By Abby Born
So what is Galentine’s Day? …well it’s only the best day of the year!
Leslie Knope introduces Galentine’s Day on the television show Parks and Recreation as the day before Valentine’s Day, February 13th, a day to celebrate your love for your gal pals and also your love for yourself (see Parks and Recreation, Season 2, Episode 16 –available on Netflix- for more details). I enjoyed a beautiful Galentine’s Day last year with my best girl friends. We took a trip to the Milwaukee Art Museum, enjoyed some delicious Mexican food, had a slumber party in a fancy hotel room, and of course, indulged in plenty of wine and chocolate. That was back when my main concerns were my classes and what flavor of ice cream I should order from room service.

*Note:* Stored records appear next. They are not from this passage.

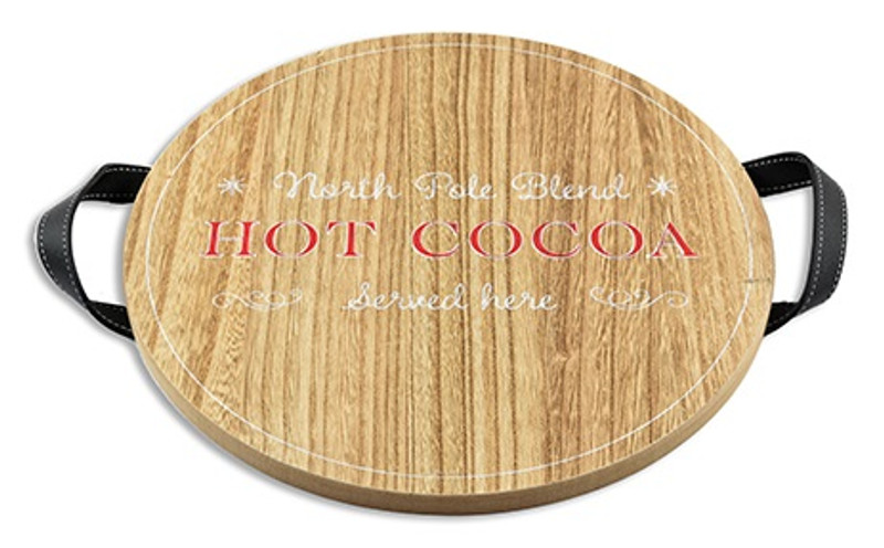 Serve up some holiday warmth with this Round Wood Grain Hot Cocoa Serving Tray! Measuring 11.75 inches in diameter, this tray features a rustic wood grain design paired with black leather handles. The festive text, "North Pole Blend HOT COCOA Served Here," is printed in red and white, adding to the seasonal charm. Perfect for serving hot cocoa, treats, or as a decorative accent, this tray brings cozy holiday vibes to any home.
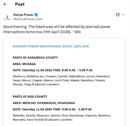 Residents in selected areas of Kakamega and Kisii counties should prepare for temporary electricity disruptions on Saturday, April 11, 2026, following a planned maintenance notice issued by the national electricity distributor.
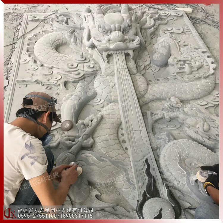 大型浮雕石雕九龍壁制作
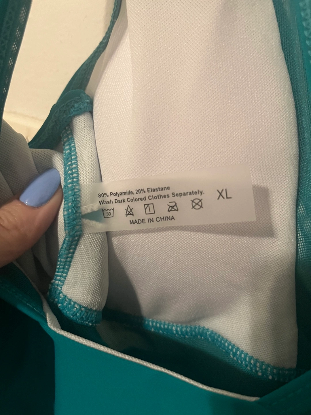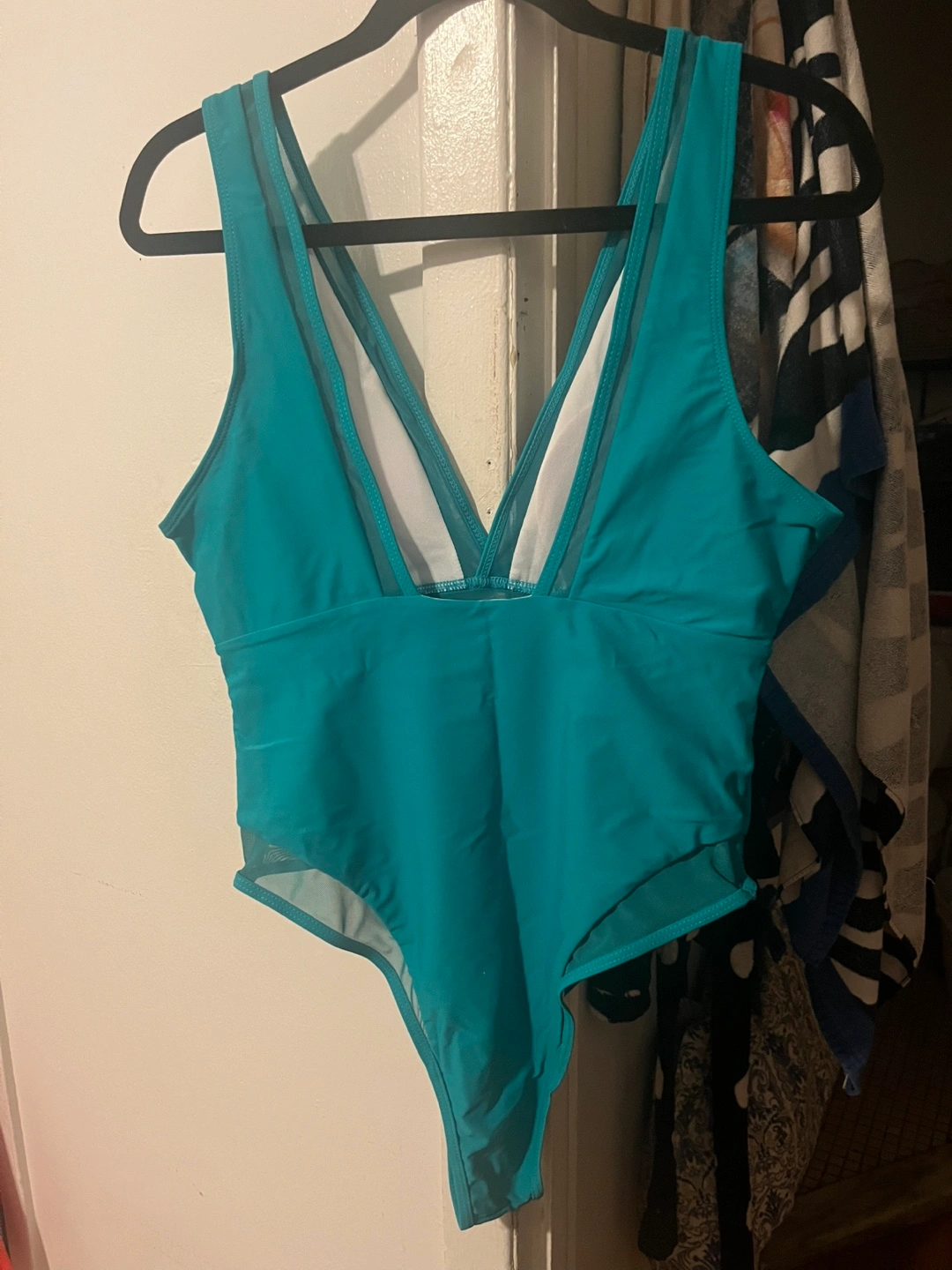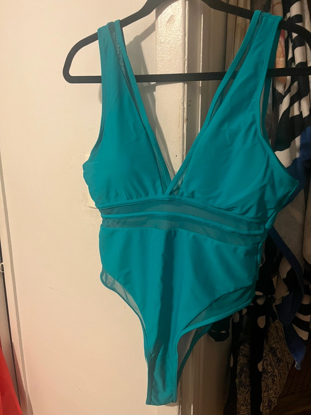 Women's teal one-piece swimsuit. Features a V-neckline and mesh detailing. Size XL. Made in China.
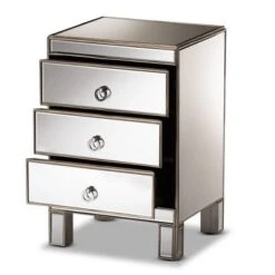 Add a glamorous highlight to your interior with the dazzling design of the Ewan end table. Made in China, the Ewan is comprised of a wood frame encased in lustrous mirrors for a glossy appearance from any angle. Three drawers provide convenient storage for a variety of household essentials, while the square tabletop is well suited to display decorations. Fully assembled, the drawers are adorned with minimalist silver tone metal ring pulls for easy access. Light easily reflects from every surface of the Ewan end table, making it a striking addition to any space. Dimensions: 24″ High x 16″ Wide x 14″ Deep; Drawer: 5.7″ High x 13.5″ Wide x 11″ Deep; Legs: 1.6″ High;

This year, however, the political climate in the United States has changed dramatically, particularly when it comes to the issue of women’s rights. In fact, I would say that the ultimate Galentine’s Day celebration took place on January 21, 2017 throughout not only the United States, but the entire world. It wasn’t on February 13th, and it didn’t involve the extravagance of Leslie Knope handing out hand-crocheted flower pens or personalized 5,000 word essays about why all of our best girl friends are so awesome, but it was a whole lot of ladies celebrating ladies. That’s what Galentine’s Day is really all about. Not only were these ladies celebrating each other, but they were fighting together, as a united front, to raise their voices together. The Women’s March on Washington the day after the inauguration of Donald J. Trump sparked similar marches across the country. Marches actually took place on every continent, including Antarctica. The march in Washington D.C. alone attracted around 500,000 women, men, and children. They let their voices and opinions on gender-based violence, reproductive rights, women’s health, LGBTQIA rights, and so many other pressing issues be heard.
In honor of Galentine’s Day this year, I am going to participate in the 10 Actions for the First 100 Days created by the Women’s March. The march on the 21st alone is not enough to make change and make history. The voices of the march need to be followed by actions. Action 1 for the first 10 days of the movement is to write a postcard to your Senators about the issues that matter to you the most and how you are going to fight for them. You can keep the wine and chocolate and Mexican food, and maybe even throw in some hand crocheted flower pens for your Galentine’s celebration, but also download the official Women’s March postcard to write your thoughts to your Senators with all of your favorite ladies. There’s plenty of inspiration for what to write under #whyimarch. This Galentine’s Day, you and your gal pals can continue the Women’s March movement and continue to make your voices heard.